Task goal: The answer must consist solely of the lines from the line with "Директор Салим Горанац" to the end of the data below, transcribed exactly and with no pictures.

=== Stored data ===

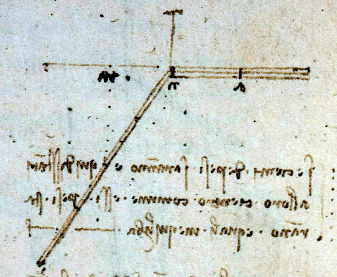 A more extensive access to the ancient heritage did not become possible before the fifteenth century. Among the first to refer to the Archimedean concept of center of gravity was Leonardo da Vinci who used it in his work on mechanical devices. In particular, he applied the concept to the problem of the bent lever (see figure 3.3):
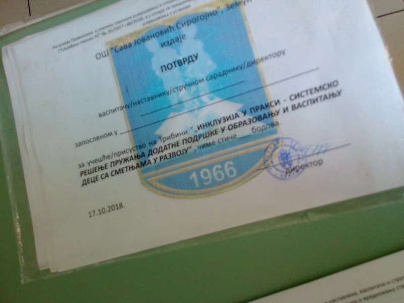 Директор Салим Горанац присутнима је објаснио нови Правилник о пружању додатне подршке ученицима са сметњама у развоју који похађају редовне школе. Након тога уследила је дискусија, а потом и филм „Једнаки“ сниман у сарадњи ОШ „Сава Јовановић Сирогојно“ и средње школе ИТХС.
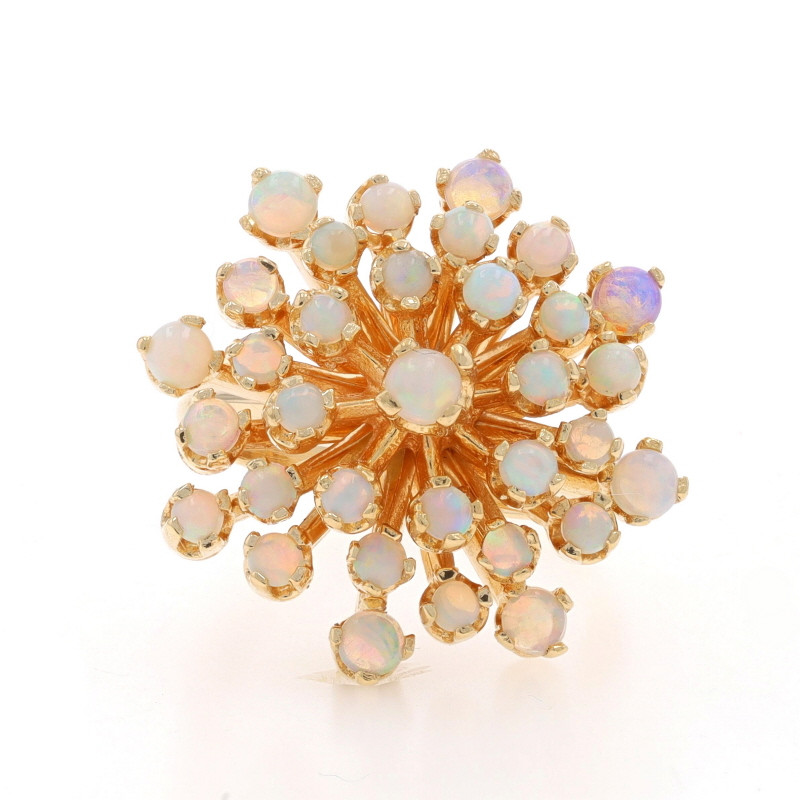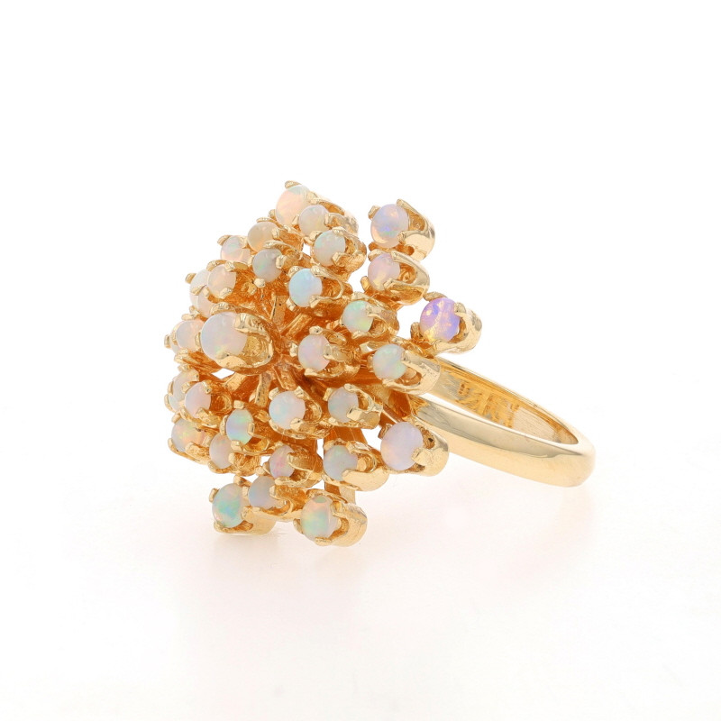 Yellow Gold Opal Cluster Cocktail Ring - 14k Round Cabochon 2.45ctw Floral Snowflake

===

Solved problem:
 Директор Салим Горанац присутнима је објаснио нови Правилник о пружању додатне подршке ученицима са сметњама у развоју који похађају редовне школе. Након тога уследила је дискусија, а потом и филм „Једнаки“ сниман у сарадњи ОШ „Сава Јовановић Сирогојно“ и средње школе ИТХС.
 Yellow Gold Opal Cluster Cocktail Ring - 14k Round Cabochon 2.45ctw Floral Snowflake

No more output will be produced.